## Definitions of PROPROC parameters in terms of binormal model parameters

$c=\frac{b-1}{b+1};{{d}_{a}}=\frac{\sqrt{2}a}{\sqrt{1+{{b}^{2}}}}$

## Main code and output

c1Arr <-   c(-0.1322804, 0.2225588); daArr  <-  c(1.197239, 1.740157)
myLabel <- c("A", "B", "C", "D")
myLabelIndx <- 1
for (i in 1:2)
{
c1 <- c1Arr[i]
da <- daArr[i]
ret <- Transform2ab(da, c1)
a <- ret$a;b <- ret$b
if (i == 1) z <- seq(-3, 0, by = 0.01) # may need to adjust limits to view detail of slope plot
if (i == 2) z <- seq(-3, 5, by = 0.01) # may need to adjust limits to view detail of slope plot

FPF <- seq(0.0, 1, 0.001)
TPF <- rocY(FPF, a, b)

rocPlot <- data.frame(FPF = FPF, TPF = TPF)
plotRoc <- ggplot(rocPlot, aes(x = FPF, y = TPF)) +
geom_line()  +
scale_x_continuous(expand = c(0, 0)) +
scale_y_continuous(expand = c(0, 0))   +
ggtitle(myLabel[myLabelIndx]);myLabelIndx <- myLabelIndx + 1

slope <-b*dnorm(a-b*z)/dnorm(-z) # same as likelihood ratio

slopePlot <- data.frame(z = z, slope = slope)
p <- ggplot(slopePlot, aes(x = z, y = slope)) +
geom_line()  +
scale_x_continuous(expand = c(0, 0)) +
scale_y_continuous(expand = c(0, 0))  +
ggtitle(myLabel[myLabelIndx]);myLabelIndx <- myLabelIndx + 1
print(plotRoc);print(p)
}

## Discussion

Plot A is for c1 = -0.1322804, da = 1.197239 while plot C is for c1 = 0.2225588, da = 1.740157. Plots B and D are the corresponding slope plots as functions of the binormal model z-sample. In plot A, the slope is infinite near the origin and the curve approaches the upper-right corner with finite slope. The situation is reversed in plot C where the slope is finite near the origin and the curve approaches the upper-right corner with zero slope.

These two readers are from a clinical dataset, dataset01. Highest rating inferred ROC data from original FROC data, were analyzed by PROPROC and the resulting parameter values are coded here. They were chosen as they demonstrate key differences in the shapes of proper ROC plots. Plot A corresponds to a negative value of c1, which implies b < 1. The slope of the proper ROC is infinite near the origin and approaches a positive constant near the upper right corner of the ROC. Plot C is for a positive value of c1, i.e., for b > 1. Now the slope of the proper ROC is finite near the origin and approaches zero near the upper right corner.

Considering plot D, as one “cuts” the slope axis horizontally with a sliding threshold, starting with very high values and moving downwards, the slope of the ROC curve starts at the origin with a large but finite value. This corresponds to the peak in plot D. Above the peak, there are no solutions for z. The slope decreases monotonically to zero, corresponding to the flattening out of the slope at zero for z ~ -2.

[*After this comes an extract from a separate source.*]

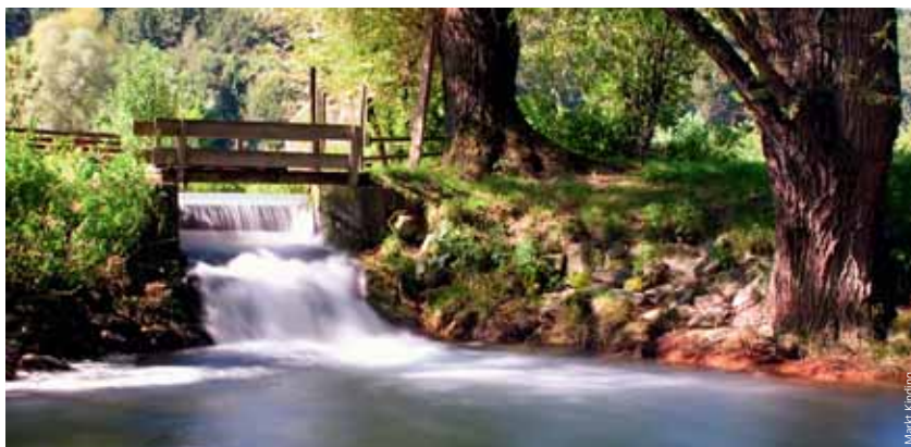
Ein Ausflug in die Natur rund um Kinding ist Kurzurlaub für die Sinne: mit dem VGN jetzt günstig und schnell.

Ab Nürnberg Hauptbahnhof kommt man seit Dezember 2013 mit dem VGN-TagesTicket günstiger als je zuvor und in unschlagbaren 27 Minuten nach Kinding. „Wir haben Erholungssuchenden viel zu bieten: ausgedehnte Wiesen und Wälder, die fürs Altmühltal typischen Wacholderhänge und schroffen Felsen, Burgen, Kirchen, die Altmühl und ihre Zuflüsse sowie ein vielfältiges Freizeitangebot“, wirbt Kindings Bürgermeisterin Rita Böhm für ihre Region. In Kinding, am Zusammenfluss von Anlauter, Schwarzach und Altmühl, befindet sich die größte und älteste Kirchenburg der Diözese Eichstätt. Die Burgruinen Rumburg und Rundeck oder das natürliche Felsentor in Untermendorf sind bei einem Tagesausflug leicht zu erlaufen. Zur Keltenburg

The two values of z corresponding to each cut implies, of course, that the binormal model based proper algorithm has to do a lot of bookkeeping, since each horizontal cut splits the decision axis into 3 regions. One can think of shrinking each of plots B & D horizontally to zero width, and all that remains is the slope axis with a thick vertical line superimposed on it, corresponding to the horizontally collapsed curves. In plot B the vertical line extends from positive infinity down to about 0.1, and represents the range of decision variable samples encountered by the observer on the likelihood ratio scale. In plot D the vertical line extends from a finite value (~9.4) to zero. For the stated binormal model parameters values outside of these ranges are not possible.